TASK → Would you retype, word for word, the line with "In one March" and each line after it to the end of the entries below, leaving the pictures out?

Dataset items
^^^^^^^^
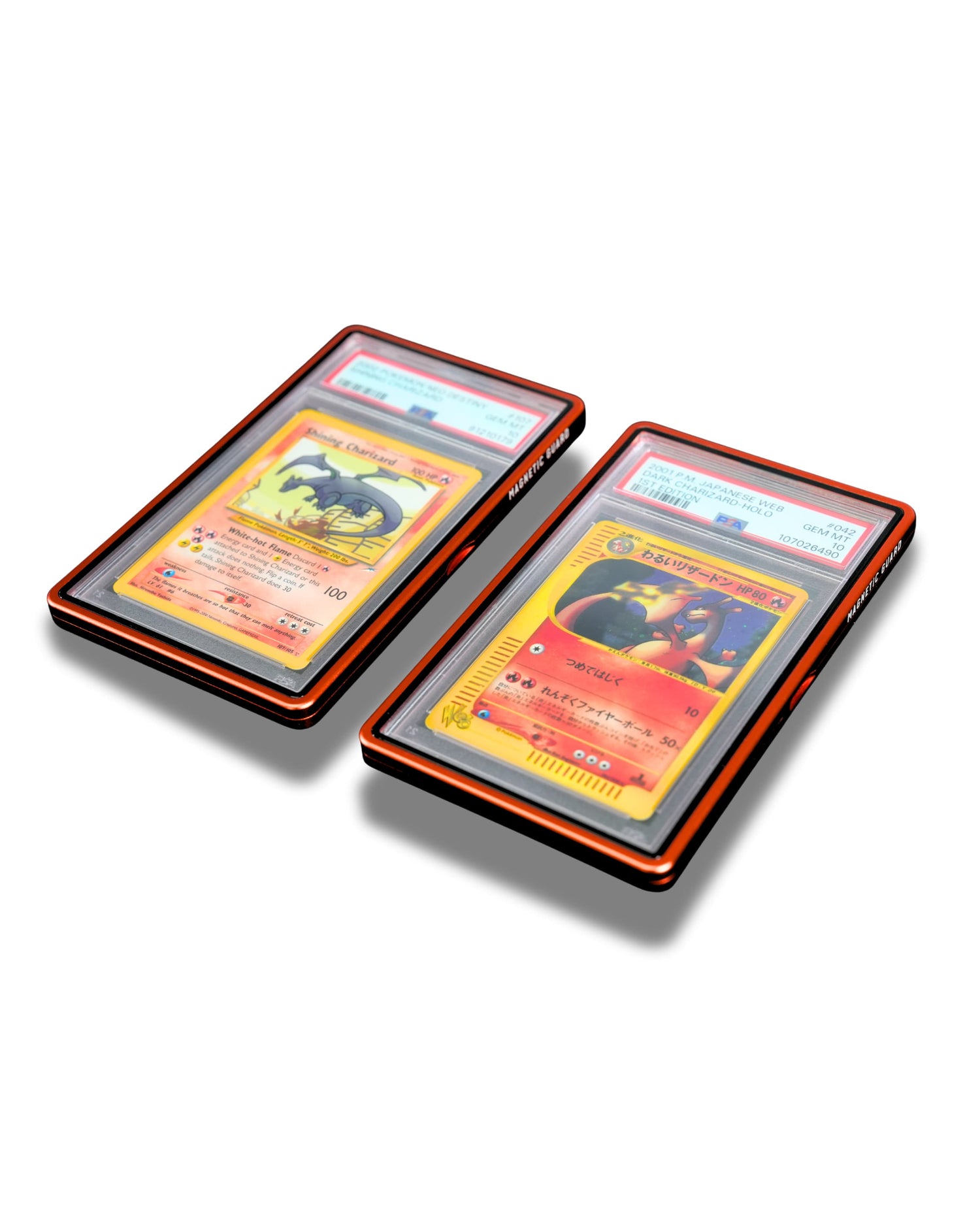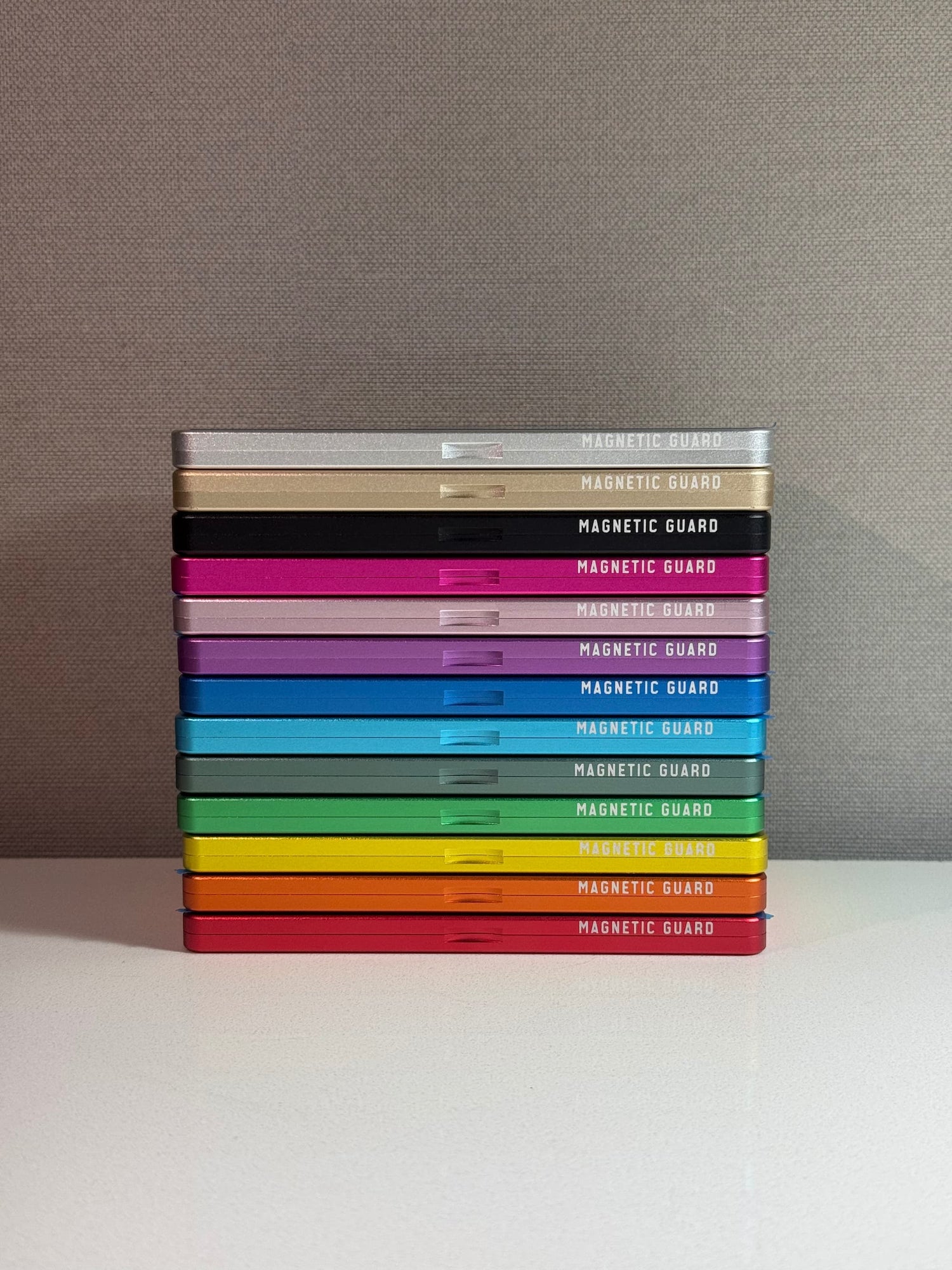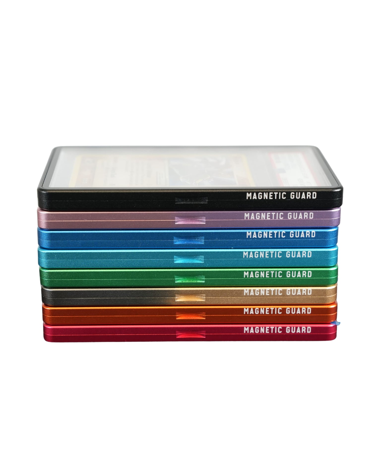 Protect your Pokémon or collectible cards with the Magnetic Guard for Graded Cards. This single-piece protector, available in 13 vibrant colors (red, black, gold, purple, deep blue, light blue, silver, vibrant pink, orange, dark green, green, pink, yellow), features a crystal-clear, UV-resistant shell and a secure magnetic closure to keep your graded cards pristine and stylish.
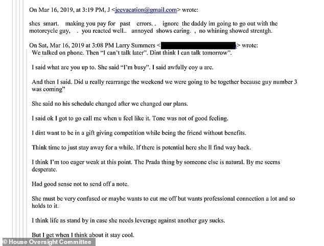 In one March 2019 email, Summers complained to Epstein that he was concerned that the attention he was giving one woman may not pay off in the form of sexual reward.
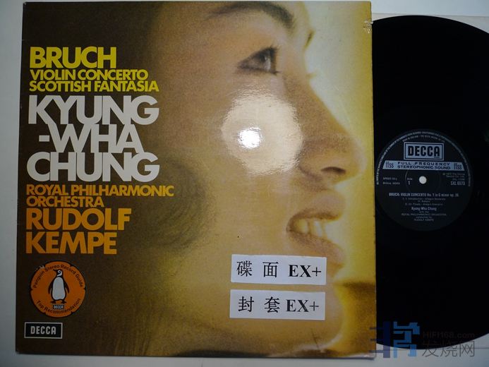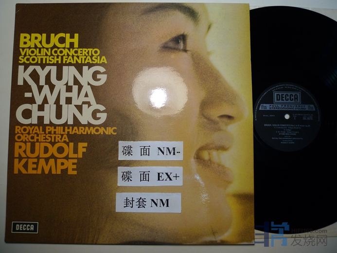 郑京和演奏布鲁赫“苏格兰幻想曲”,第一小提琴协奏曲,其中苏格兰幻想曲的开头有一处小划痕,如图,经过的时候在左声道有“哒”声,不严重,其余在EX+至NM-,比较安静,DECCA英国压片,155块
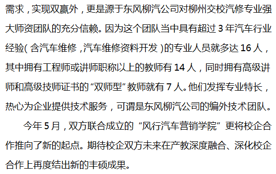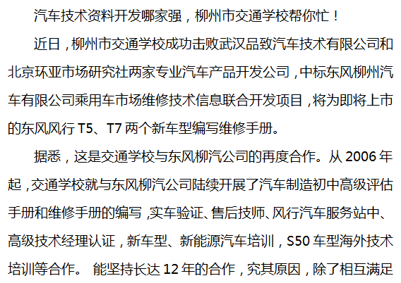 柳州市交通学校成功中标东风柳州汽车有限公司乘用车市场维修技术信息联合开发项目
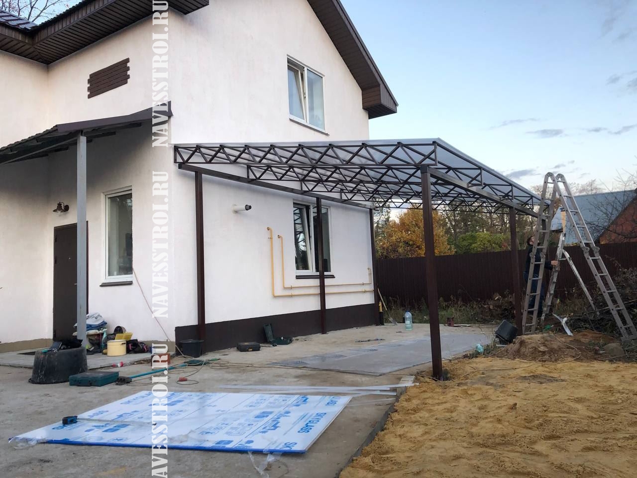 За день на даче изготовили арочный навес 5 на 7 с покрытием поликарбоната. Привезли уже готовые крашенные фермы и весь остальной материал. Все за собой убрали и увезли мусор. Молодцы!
^^^^^^^^
RESPONSE FOR THIS EXERCISE →
 In one March 2019 email, Summers complained to Epstein that he was concerned that the attention he was giving one woman may not pay off in the form of sexual reward.
 郑京和演奏布鲁赫“苏格兰幻想曲”,第一小提琴协奏曲,其中苏格兰幻想曲的开头有一处小划痕,如图,经过的时候在左声道有“哒”声,不严重,其余在EX+至NM-,比较安静,DECCA英国压片,155块
 柳州市交通学校成功中标东风柳州汽车有限公司乘用车市场维修技术信息联合开发项目
 За день на даче изготовили арочный навес 5 на 7 с покрытием поликарбоната. Привезли уже готовые крашенные фермы и весь остальной материал. Все за собой убрали и увезли мусор. Молодцы!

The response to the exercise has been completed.